**WHAT YOU ARE ASKED TO DO:** Word for word, transcribe the data below from the line with "2班 ちくわのピカタとほうれんそうのベーコンソティ 油揚げとさつまいもと玉ねぎの味噌汁" to the line with "搭配部件:堕落幻蝶眼饰、堕落", keeping both of those lines.

**Items from a dataset:**

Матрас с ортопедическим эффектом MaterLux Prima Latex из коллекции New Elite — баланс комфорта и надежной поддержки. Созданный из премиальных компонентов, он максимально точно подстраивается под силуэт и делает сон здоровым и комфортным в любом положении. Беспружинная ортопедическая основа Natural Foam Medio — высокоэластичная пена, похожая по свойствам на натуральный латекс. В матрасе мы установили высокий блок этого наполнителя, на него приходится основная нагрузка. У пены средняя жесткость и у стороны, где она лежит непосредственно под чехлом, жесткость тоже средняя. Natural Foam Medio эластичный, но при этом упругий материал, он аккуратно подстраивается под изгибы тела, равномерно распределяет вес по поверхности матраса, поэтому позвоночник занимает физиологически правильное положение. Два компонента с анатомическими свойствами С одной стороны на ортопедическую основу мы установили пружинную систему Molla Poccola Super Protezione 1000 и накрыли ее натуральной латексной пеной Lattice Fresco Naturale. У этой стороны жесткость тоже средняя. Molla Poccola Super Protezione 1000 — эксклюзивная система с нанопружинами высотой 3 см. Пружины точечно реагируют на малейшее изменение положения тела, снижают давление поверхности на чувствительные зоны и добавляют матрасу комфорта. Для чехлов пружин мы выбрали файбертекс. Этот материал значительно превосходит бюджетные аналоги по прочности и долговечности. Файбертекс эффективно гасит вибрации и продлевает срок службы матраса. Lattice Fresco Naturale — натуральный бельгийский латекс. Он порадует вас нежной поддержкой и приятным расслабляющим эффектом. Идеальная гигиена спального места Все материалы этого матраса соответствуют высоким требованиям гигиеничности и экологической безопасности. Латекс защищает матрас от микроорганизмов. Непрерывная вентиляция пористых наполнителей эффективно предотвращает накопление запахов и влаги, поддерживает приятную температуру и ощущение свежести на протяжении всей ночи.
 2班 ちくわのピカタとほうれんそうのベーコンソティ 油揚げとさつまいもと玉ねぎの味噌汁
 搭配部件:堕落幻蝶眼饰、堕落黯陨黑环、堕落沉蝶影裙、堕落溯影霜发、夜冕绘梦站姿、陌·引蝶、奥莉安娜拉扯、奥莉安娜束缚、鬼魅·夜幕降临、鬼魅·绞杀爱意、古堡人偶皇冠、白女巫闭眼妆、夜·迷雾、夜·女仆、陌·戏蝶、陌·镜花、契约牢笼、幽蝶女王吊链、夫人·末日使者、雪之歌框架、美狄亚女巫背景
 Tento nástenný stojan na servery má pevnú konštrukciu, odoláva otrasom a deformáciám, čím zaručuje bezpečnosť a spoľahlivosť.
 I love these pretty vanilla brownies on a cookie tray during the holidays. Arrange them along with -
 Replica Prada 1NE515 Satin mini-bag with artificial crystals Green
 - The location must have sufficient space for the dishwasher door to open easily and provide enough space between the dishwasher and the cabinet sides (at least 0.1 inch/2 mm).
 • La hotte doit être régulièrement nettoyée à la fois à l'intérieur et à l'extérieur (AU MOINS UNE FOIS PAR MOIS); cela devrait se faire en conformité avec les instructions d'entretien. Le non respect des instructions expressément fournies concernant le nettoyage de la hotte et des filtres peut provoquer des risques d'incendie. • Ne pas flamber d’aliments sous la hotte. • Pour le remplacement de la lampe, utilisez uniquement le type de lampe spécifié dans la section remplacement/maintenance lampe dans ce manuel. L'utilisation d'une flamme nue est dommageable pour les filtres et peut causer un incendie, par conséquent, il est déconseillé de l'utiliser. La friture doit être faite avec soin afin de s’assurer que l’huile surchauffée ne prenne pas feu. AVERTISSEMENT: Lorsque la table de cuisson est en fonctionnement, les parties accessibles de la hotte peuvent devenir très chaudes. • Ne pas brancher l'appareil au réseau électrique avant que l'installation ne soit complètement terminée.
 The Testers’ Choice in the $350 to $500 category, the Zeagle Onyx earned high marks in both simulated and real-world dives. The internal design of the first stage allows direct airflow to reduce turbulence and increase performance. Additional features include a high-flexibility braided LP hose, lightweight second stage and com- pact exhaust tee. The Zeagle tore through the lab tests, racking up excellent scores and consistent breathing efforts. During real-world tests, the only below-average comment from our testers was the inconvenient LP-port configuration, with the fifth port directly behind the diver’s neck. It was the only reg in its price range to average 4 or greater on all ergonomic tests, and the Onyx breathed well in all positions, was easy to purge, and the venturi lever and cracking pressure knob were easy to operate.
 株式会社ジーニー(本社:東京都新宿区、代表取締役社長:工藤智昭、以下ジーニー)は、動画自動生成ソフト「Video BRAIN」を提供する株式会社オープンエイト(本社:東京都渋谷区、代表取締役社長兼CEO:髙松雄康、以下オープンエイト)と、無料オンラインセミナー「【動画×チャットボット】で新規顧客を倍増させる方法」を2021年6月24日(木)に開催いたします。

**PROBLEM SOLUTION:**
 2班 ちくわのピカタとほうれんそうのベーコンソティ 油揚げとさつまいもと玉ねぎの味噌汁
 搭配部件:堕落幻蝶眼饰、堕落黯陨黑环、堕落沉蝶影裙、堕落溯影霜发、夜冕绘梦站姿、陌·引蝶、奥莉安娜拉扯、奥莉安娜束缚、鬼魅·夜幕降临、鬼魅·绞杀爱意、古堡人偶皇冠、白女巫闭眼妆、夜·迷雾、夜·女仆、陌·戏蝶、陌·镜花、契约牢笼、幽蝶女王吊链、夫人·末日使者、雪之歌框架、美狄亚女巫背景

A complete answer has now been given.